Grant number: 21/04631-1
Support Opportunities:Scholarships in Brazil - Scientific Initiation
Start date: August 01, 2021
End date: July 31, 2022
Field of knowledge:Humanities - History - History of America
Principal Investigator:Mariana Martins Villaça
Grantee:Leticia Marcolino Pires
Host Institution: Escola de Filosofia, Letras e Ciências Humanas (EFLCH). Universidade Federal de São Paulo (UNIFESP). Campus Guarulhos. Guarulhos , SP, Brazil

Abstract

The present project is based on the objective of analyzing the presence of female artists in Mexican muralism, as the artistic movement is strongly marked by the contribution of male artists, such as, for example, Diego Rivera, David Alfaro Siqueiros, and José Clemente Orozco, who was consecrated in the history of mural art. In this sense, it is intended to analyze, through a broad bibliographic survey on muralism, as well as research on other materials made available on the internet (museum websites, entries, reviews, etc.), the trajectories of the artists and the space they occupied in Mexican muralism. We selected for our research the following mural artists: Marion Greenwood (1909-1970), Grace Greenwood (1905-1979), Aurora Reyes (1908-1985), María Izquierdo (1902-1955), and Rina Lazo (1923-2019).

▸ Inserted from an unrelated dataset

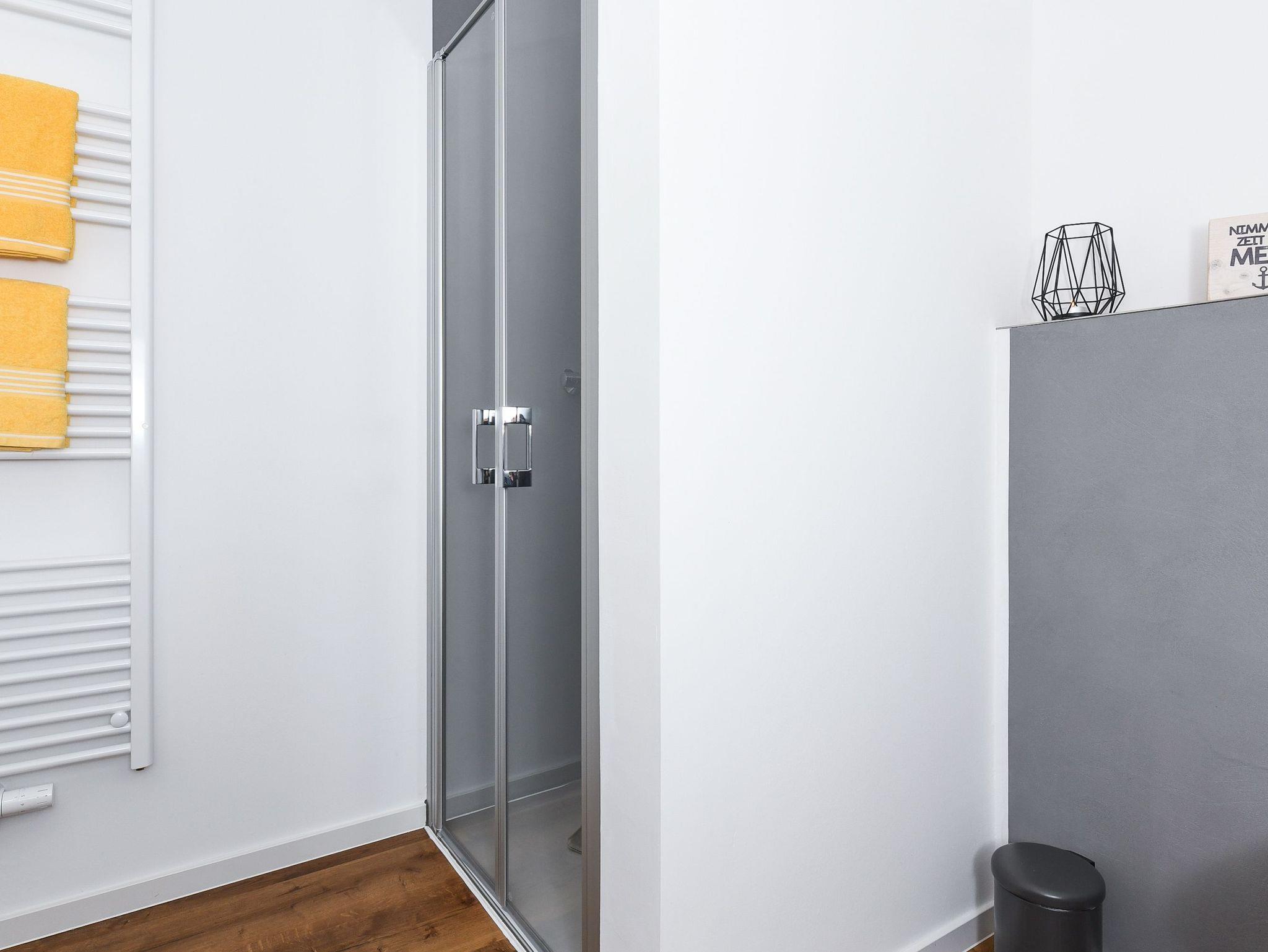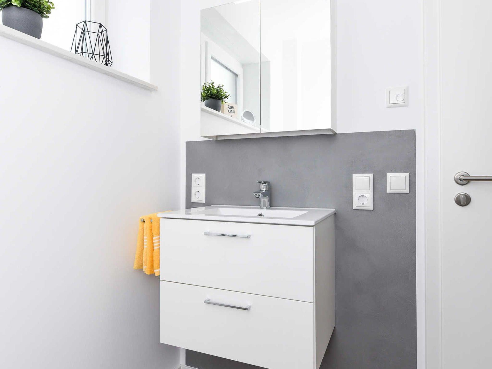 zweites Badezimmer mit Dusche, Waschtisch und WC
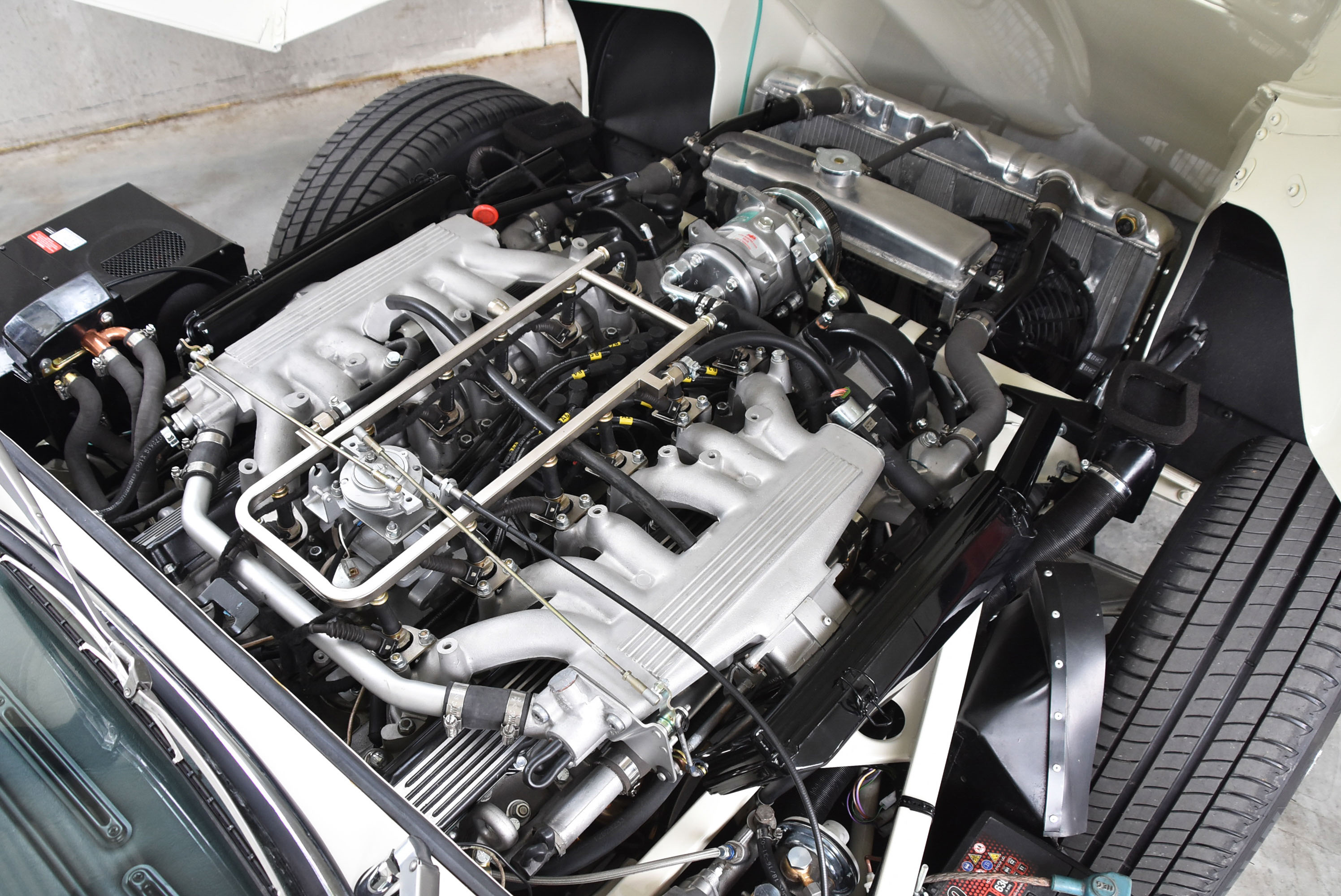 Finally resembling the Jaguar E-type shape, boasting a better than factory-fresh finish, the shell is given to the workshop team to begin its full rebuild process. It's at this time the client is given the opportunity to complete their restoration to their exact specification, making important decisions with regards to the drivetrain, cooling, suspension, braking and much more. Guiding the client on a specification that best meets their driving and use requirements, the build spec is decided. The following upgrades were to be fitted to gift this Series 3 V12 with performance and reliability:

Marion and Grace Greenwood are sisters, American, considered the first women to paint murals in Mexico, starting their careers in the 1930s. Aurora Reyes is considered the first Mexican woman to join the movement, being her first job in 1936. María Izquierdo is a Mexican painter - mainly linked to surrealism - who started her career in art in the late 1920s, and is considered the first Mexican woman to exhibit in the United States; his first involvement with muralism was in 1945. Finally, the artist Rina Lazo is of Guatemalan origin, arrived in Mexico in 1946 with a scholarship to study painting, and thus became an assistant to Rivera. Thus, with this research, we intend to illuminate the contribution of these artists - much less studied than the aforementioned painters - also addressing the possible difficulties they faced professionally and the importance of foreign participation in a movement known for celebrating supposed Mexicanity. (AU)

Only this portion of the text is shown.